◆ **What to do**: Your copy of the entries below should hold exactly the lines from the one containing "Denne store loftlampe" to the one containing "7. 그 후, 간장을 넣고 마무리 볶아주세요.", inclusive, and no pictures.

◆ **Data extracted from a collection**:

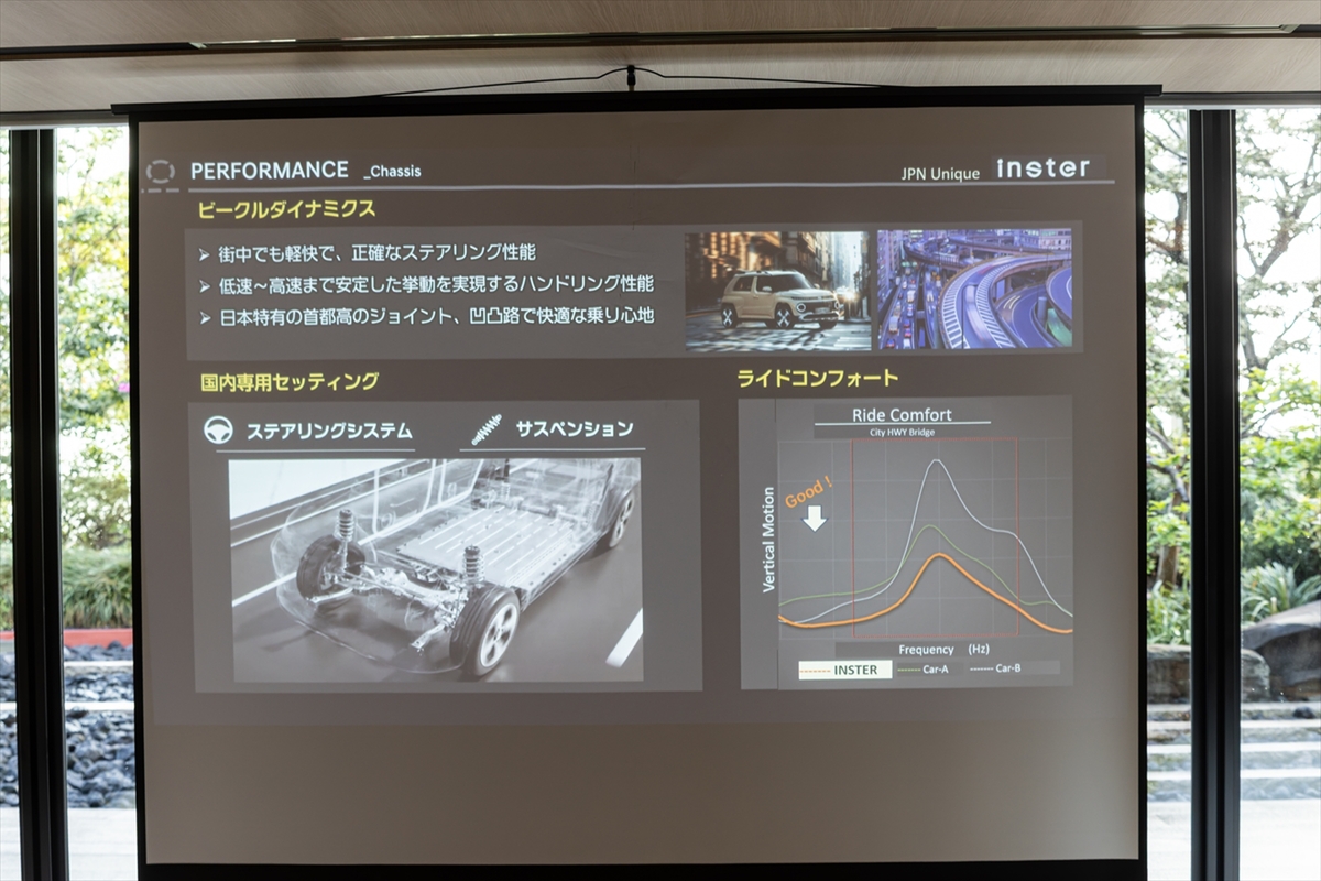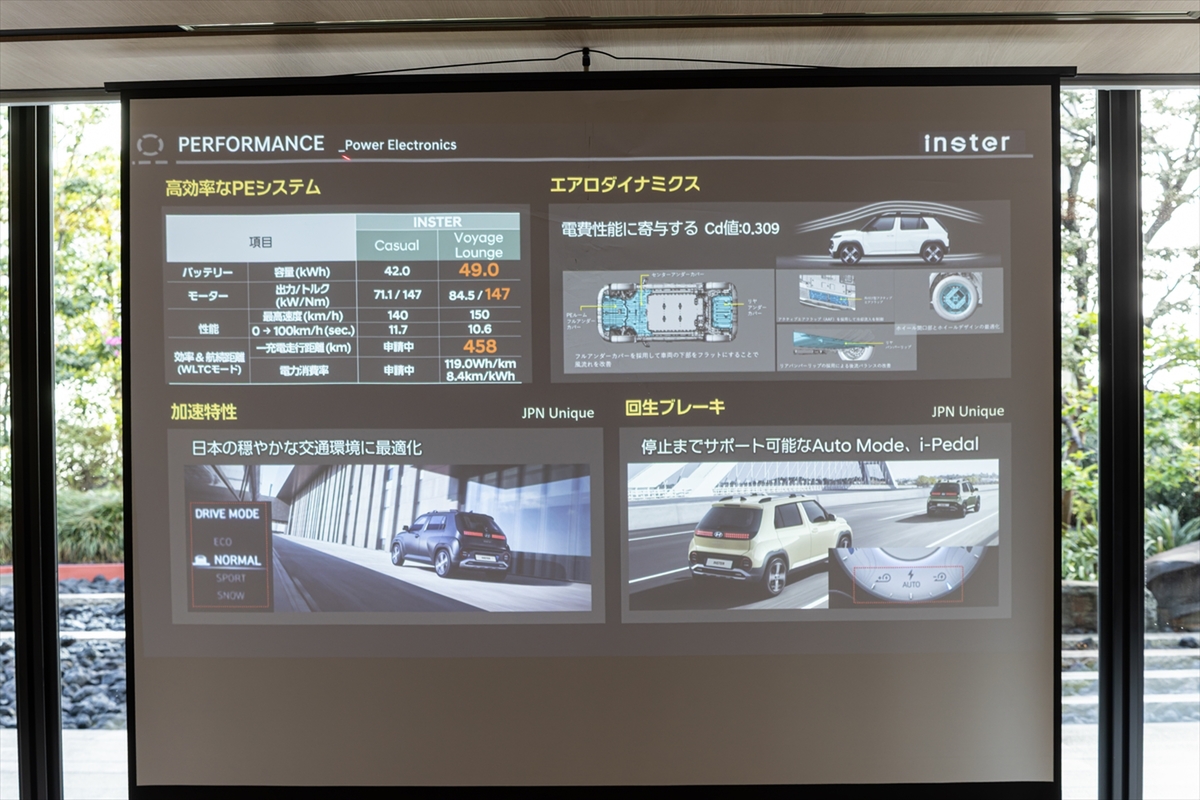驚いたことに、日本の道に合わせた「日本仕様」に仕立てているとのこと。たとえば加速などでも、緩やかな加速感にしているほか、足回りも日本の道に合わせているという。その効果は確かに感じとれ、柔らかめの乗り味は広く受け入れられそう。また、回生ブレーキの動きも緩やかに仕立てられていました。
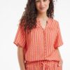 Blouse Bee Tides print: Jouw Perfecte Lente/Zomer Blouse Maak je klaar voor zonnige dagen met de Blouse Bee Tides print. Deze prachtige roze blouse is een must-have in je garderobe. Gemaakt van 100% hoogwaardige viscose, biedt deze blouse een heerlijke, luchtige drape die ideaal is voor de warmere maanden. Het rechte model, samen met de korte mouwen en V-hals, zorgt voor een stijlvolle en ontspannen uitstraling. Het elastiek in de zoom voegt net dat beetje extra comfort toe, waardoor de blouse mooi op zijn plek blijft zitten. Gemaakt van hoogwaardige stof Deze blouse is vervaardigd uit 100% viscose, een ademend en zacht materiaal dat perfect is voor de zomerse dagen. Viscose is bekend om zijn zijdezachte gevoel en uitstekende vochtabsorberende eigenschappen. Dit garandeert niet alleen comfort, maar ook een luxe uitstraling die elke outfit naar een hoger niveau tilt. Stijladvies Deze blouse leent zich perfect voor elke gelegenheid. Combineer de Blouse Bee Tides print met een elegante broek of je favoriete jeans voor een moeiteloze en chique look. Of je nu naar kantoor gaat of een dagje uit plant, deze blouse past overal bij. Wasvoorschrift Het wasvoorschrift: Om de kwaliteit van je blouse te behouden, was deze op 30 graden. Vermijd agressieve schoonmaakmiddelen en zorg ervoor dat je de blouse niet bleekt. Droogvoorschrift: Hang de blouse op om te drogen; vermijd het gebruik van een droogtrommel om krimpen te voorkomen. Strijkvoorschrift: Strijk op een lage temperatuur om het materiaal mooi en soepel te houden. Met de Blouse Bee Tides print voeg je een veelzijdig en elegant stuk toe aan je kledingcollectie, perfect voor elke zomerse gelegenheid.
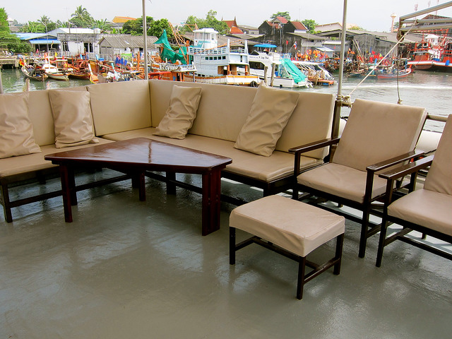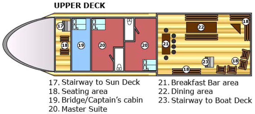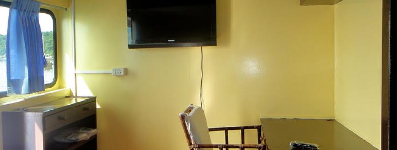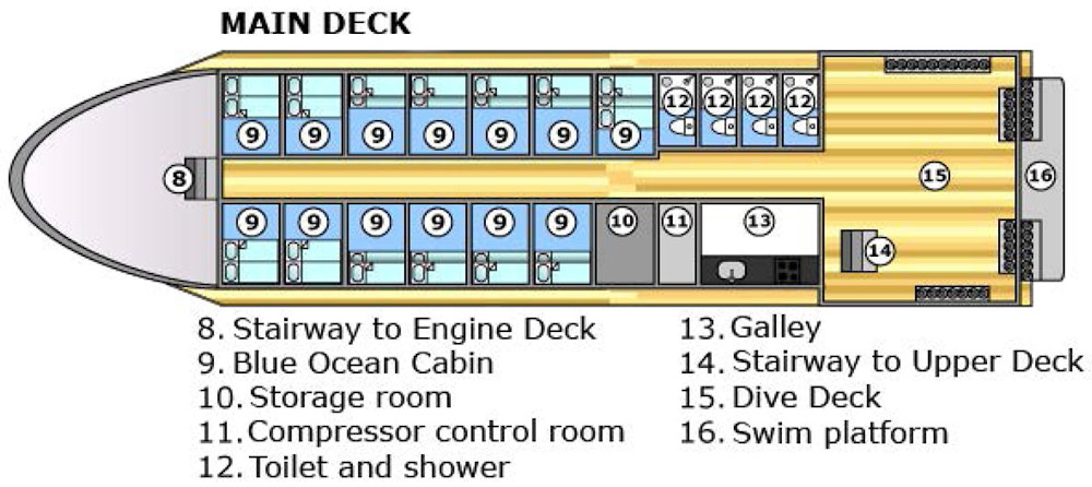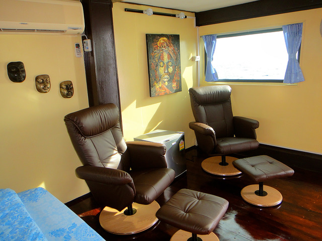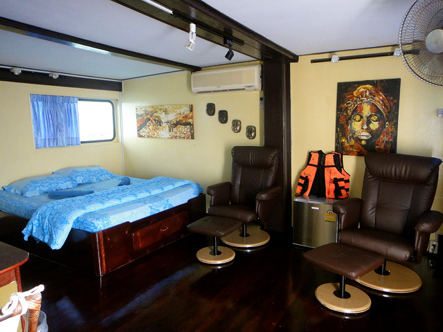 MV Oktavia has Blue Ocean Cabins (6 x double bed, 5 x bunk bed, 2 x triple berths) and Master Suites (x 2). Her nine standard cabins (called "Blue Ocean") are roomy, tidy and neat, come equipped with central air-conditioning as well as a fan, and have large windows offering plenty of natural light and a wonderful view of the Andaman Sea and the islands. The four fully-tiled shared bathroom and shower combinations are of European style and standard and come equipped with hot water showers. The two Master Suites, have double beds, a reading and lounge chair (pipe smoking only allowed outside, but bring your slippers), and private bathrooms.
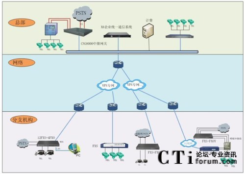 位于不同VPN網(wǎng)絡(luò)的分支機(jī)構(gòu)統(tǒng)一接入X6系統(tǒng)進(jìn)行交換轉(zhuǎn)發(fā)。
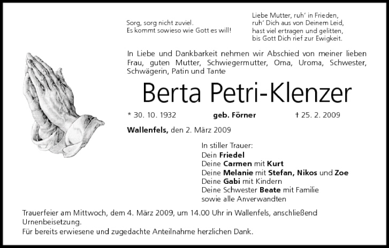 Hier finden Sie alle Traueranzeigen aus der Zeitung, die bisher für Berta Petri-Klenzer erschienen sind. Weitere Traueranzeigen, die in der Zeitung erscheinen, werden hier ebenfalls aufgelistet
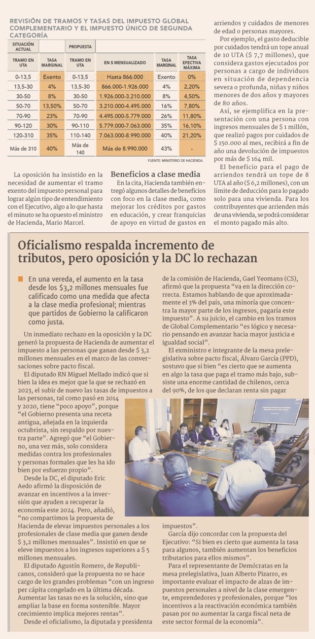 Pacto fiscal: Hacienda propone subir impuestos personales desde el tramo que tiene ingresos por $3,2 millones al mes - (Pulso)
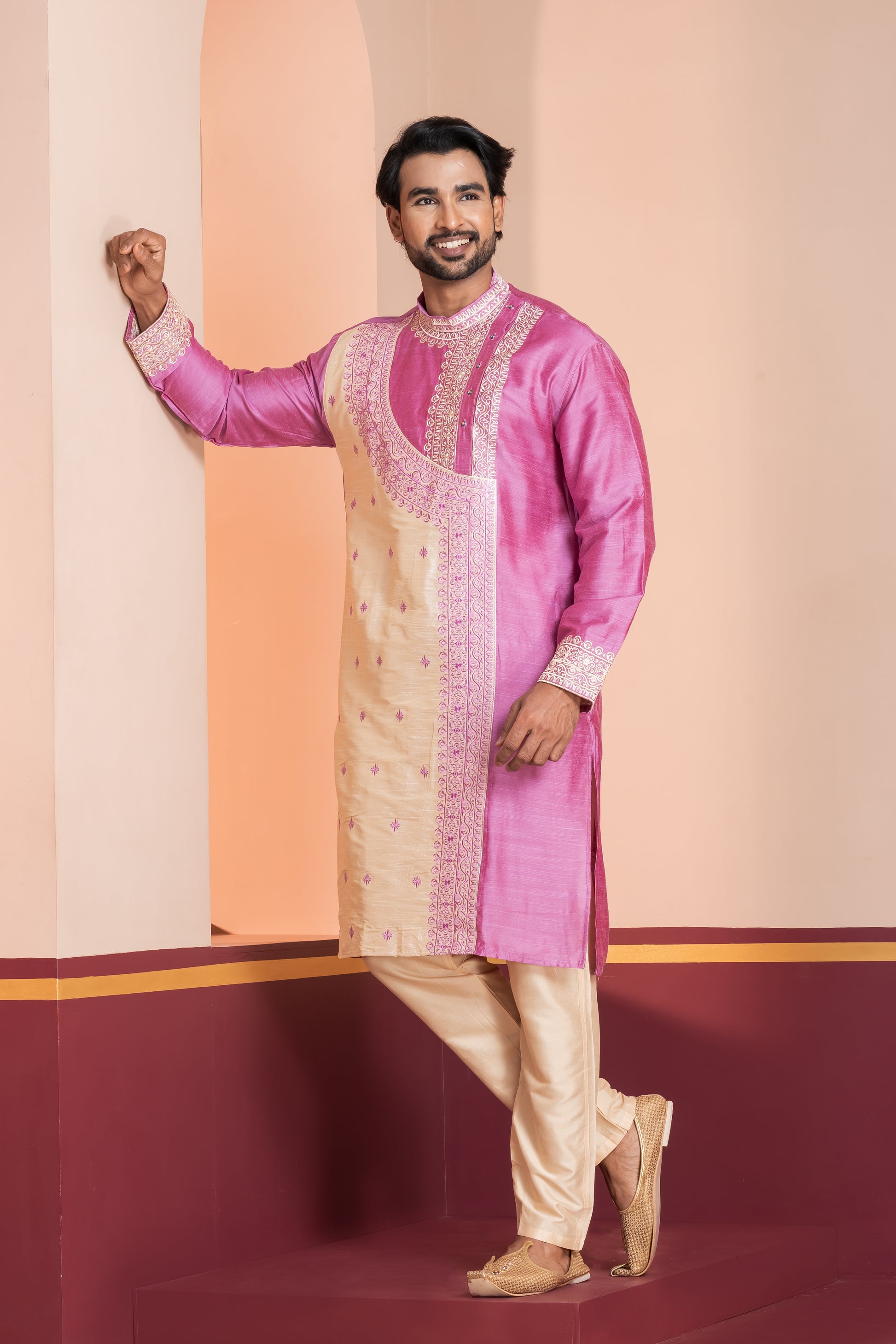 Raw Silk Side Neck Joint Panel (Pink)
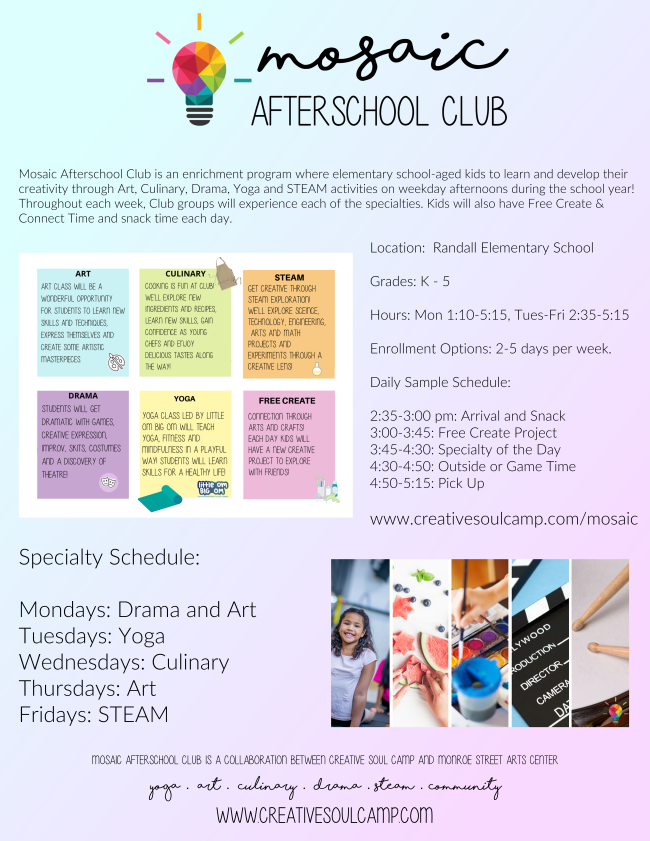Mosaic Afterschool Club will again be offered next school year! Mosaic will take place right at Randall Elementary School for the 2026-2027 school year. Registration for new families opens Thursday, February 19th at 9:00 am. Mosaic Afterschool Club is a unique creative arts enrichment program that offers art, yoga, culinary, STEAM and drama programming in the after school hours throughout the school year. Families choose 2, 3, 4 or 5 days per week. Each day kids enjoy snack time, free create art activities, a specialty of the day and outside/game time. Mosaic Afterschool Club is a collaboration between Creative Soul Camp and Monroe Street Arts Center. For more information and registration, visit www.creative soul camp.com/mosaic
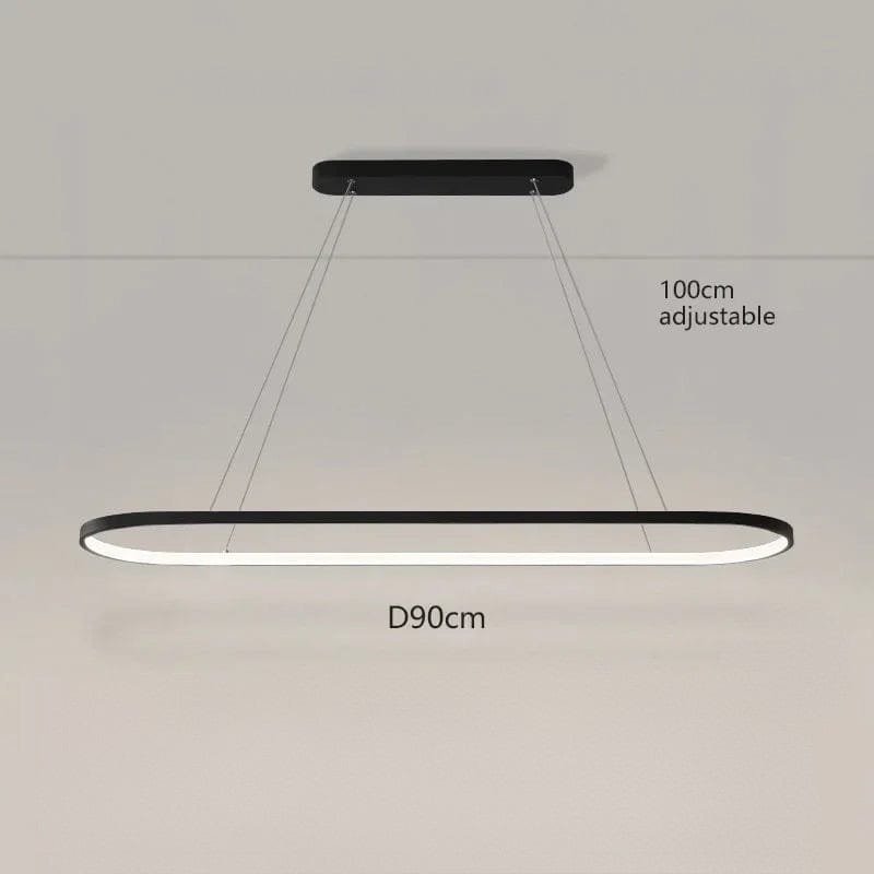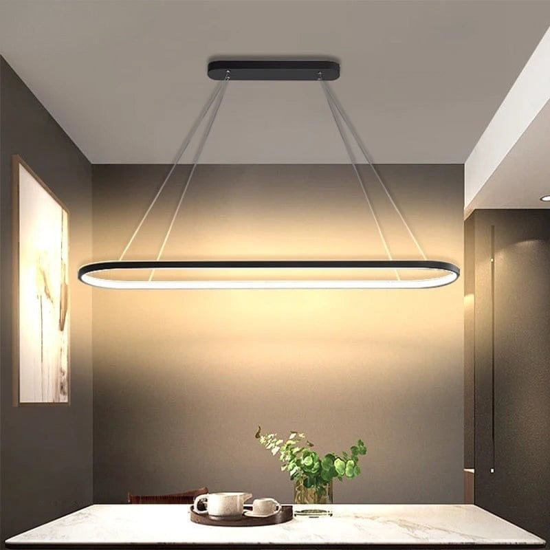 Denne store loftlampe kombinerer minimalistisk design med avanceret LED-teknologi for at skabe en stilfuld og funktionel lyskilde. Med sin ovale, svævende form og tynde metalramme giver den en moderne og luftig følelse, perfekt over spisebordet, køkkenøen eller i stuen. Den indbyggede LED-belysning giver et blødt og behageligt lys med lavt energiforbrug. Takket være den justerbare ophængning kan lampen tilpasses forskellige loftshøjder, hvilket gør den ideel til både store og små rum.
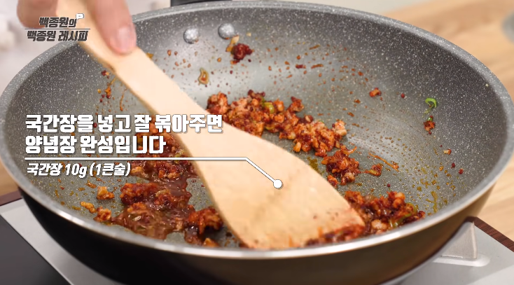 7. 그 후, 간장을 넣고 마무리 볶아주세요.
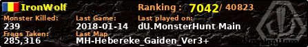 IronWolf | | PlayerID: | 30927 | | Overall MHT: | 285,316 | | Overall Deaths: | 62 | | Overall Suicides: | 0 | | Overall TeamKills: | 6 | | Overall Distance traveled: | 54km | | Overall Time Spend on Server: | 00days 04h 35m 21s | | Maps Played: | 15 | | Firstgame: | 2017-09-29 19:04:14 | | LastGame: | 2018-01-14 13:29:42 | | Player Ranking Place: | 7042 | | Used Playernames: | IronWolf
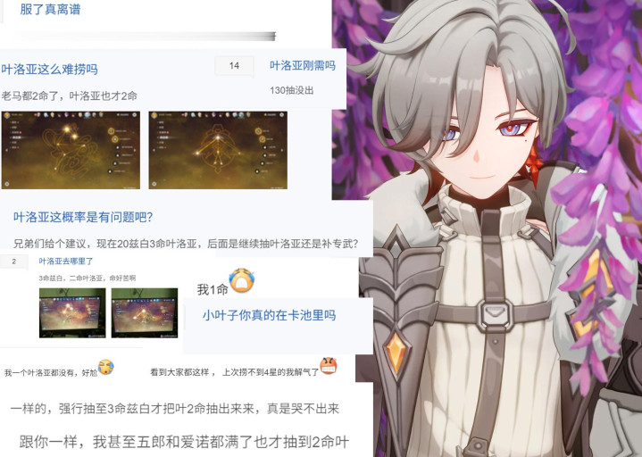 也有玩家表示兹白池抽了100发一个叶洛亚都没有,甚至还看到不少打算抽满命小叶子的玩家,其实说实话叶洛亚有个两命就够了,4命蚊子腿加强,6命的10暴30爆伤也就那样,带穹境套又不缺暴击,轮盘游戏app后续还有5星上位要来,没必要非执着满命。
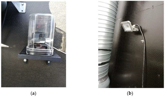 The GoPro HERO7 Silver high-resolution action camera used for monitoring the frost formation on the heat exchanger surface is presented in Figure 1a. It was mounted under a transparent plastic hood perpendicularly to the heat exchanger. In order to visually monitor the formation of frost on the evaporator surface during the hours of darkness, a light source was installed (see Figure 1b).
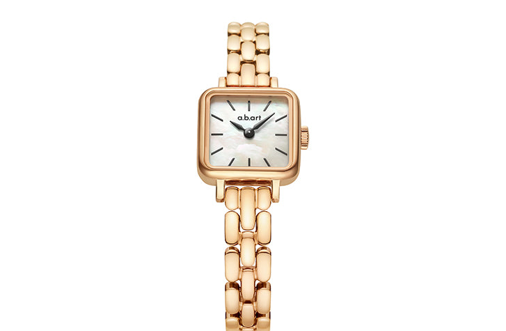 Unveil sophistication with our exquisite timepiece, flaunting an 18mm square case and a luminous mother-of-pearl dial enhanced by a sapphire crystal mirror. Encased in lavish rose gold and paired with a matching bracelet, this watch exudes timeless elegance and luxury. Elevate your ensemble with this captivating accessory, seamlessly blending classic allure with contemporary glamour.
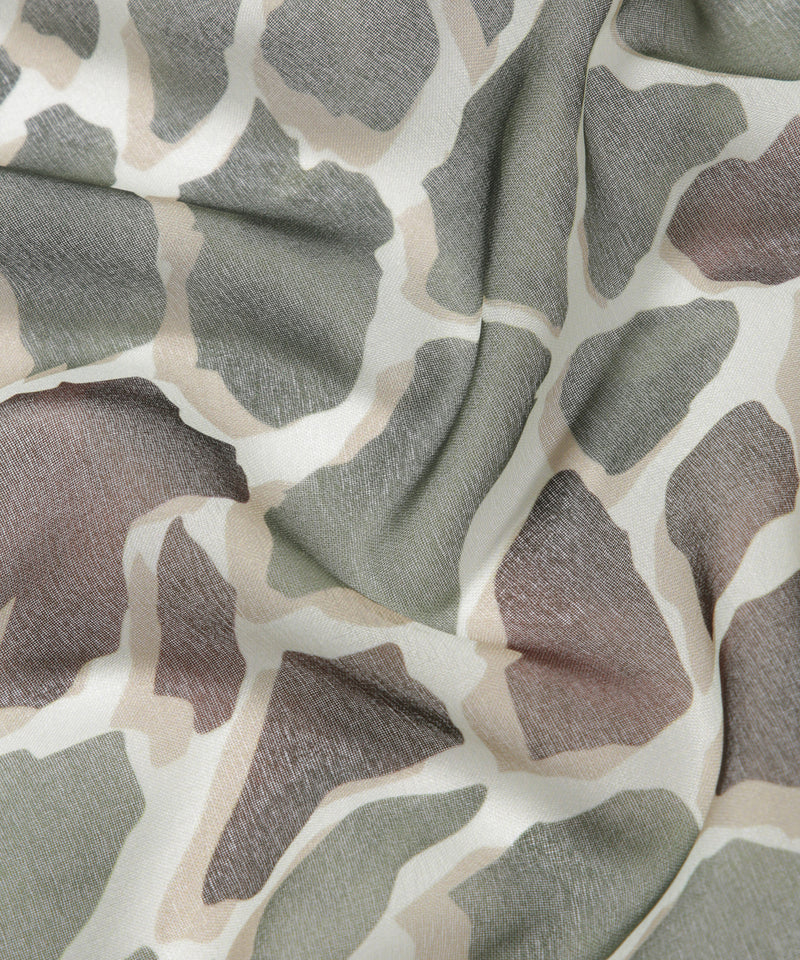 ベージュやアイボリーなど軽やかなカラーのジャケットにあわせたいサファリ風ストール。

◆ **Answer for the task**:
 Denne store loftlampe kombinerer minimalistisk design med avanceret LED-teknologi for at skabe en stilfuld og funktionel lyskilde. Med sin ovale, svævende form og tynde metalramme giver den en moderne og luftig følelse, perfekt over spisebordet, køkkenøen eller i stuen. Den indbyggede LED-belysning giver et blødt og behageligt lys med lavt energiforbrug. Takket være den justerbare ophængning kan lampen tilpasses forskellige loftshøjder, hvilket gør den ideel til både store og små rum.
 7. 그 후, 간장을 넣고 마무리 볶아주세요.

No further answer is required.